While experts have lamented potential safety and underwriting concerns involved in increasing connectivity intended for social or entertainment purposes, 63 percent of the respondents wanted car-to-car communications and 59 percent would be interested in having smartphone controls on their steering wheel. Moreover, 58 percent of consumers would like to be able to read and dictate e-mails while in their vehicle, and 57 percent would be interested in having a windshield that acts as a visual monitor, showing the driver’s vehicle speed, for example, as well as what is happening on the road ahead.
As telematics seems poised to shore up underwriting with pay-as-you-drive plans, drivers appear to be more concerned with the potential of technologies to serve as safety crutches while increasing personal productivity on the road.

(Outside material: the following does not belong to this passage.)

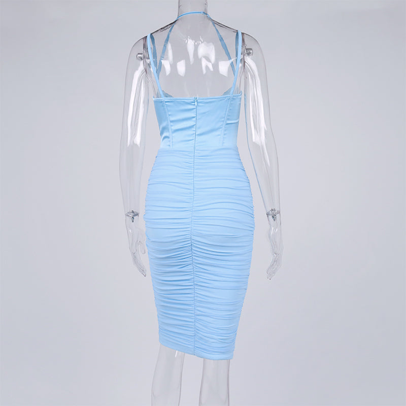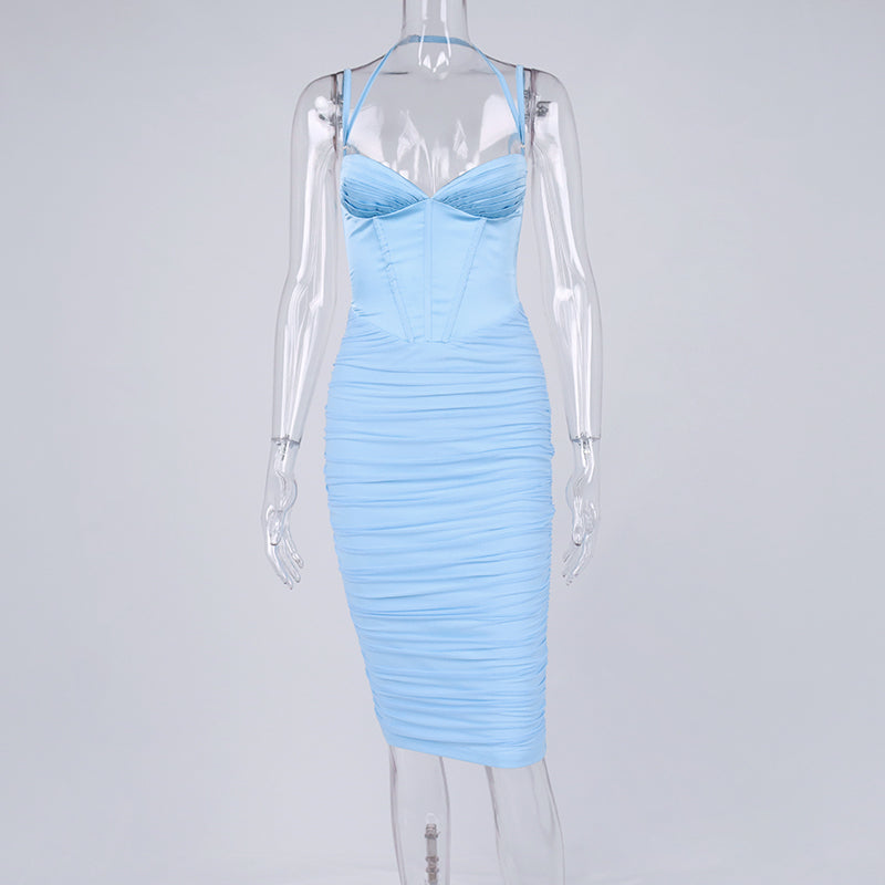 Satin Sexy Bodycon Dress for Women Elegant Midi Halter Patchwork Cut out Dress 2022 Summer Sleeveless Women Dress robe femme

Accenture surveyed 7,000 drivers in seven countries and found that among the safety technologies currently offered, an overwhelming majority—91 percent—said they would most like to use is a lane-changing/blind-spot warning system. When asked about future technologies, 83 percent of respondents would like to have in-vehicle technologies that can automatically contact a vehicle-recovery organization when their vehicle breaks down, and 75 percent want a system that automatically calls the nearest emergency center if a crash were to occur.
The survey shows that nine out of 12 technologies consumers would most like to have in their vehicles are safety-related. Specifically, 83 percent would like anti-lock breaking systems, while 74 percent and 72 percent, respectively, would favor having night vision and reversing sensors. Additionally, 69 percent said they would like to use a lane-keeping system, 68 percent, an in-vehicle alcohol tester, and 63 percent would welcome a fatigue warning device in their vehicles.
Also according to the findings, consumer expectations for in-car technologies are no longer limited to the luxury vehicle segment. Of the mass-market respondents, those who drive medium/intermediate, compact, small or mini vehicles responded with almost identical rates of desire and expectations when compared to those respondents in the luxury segment.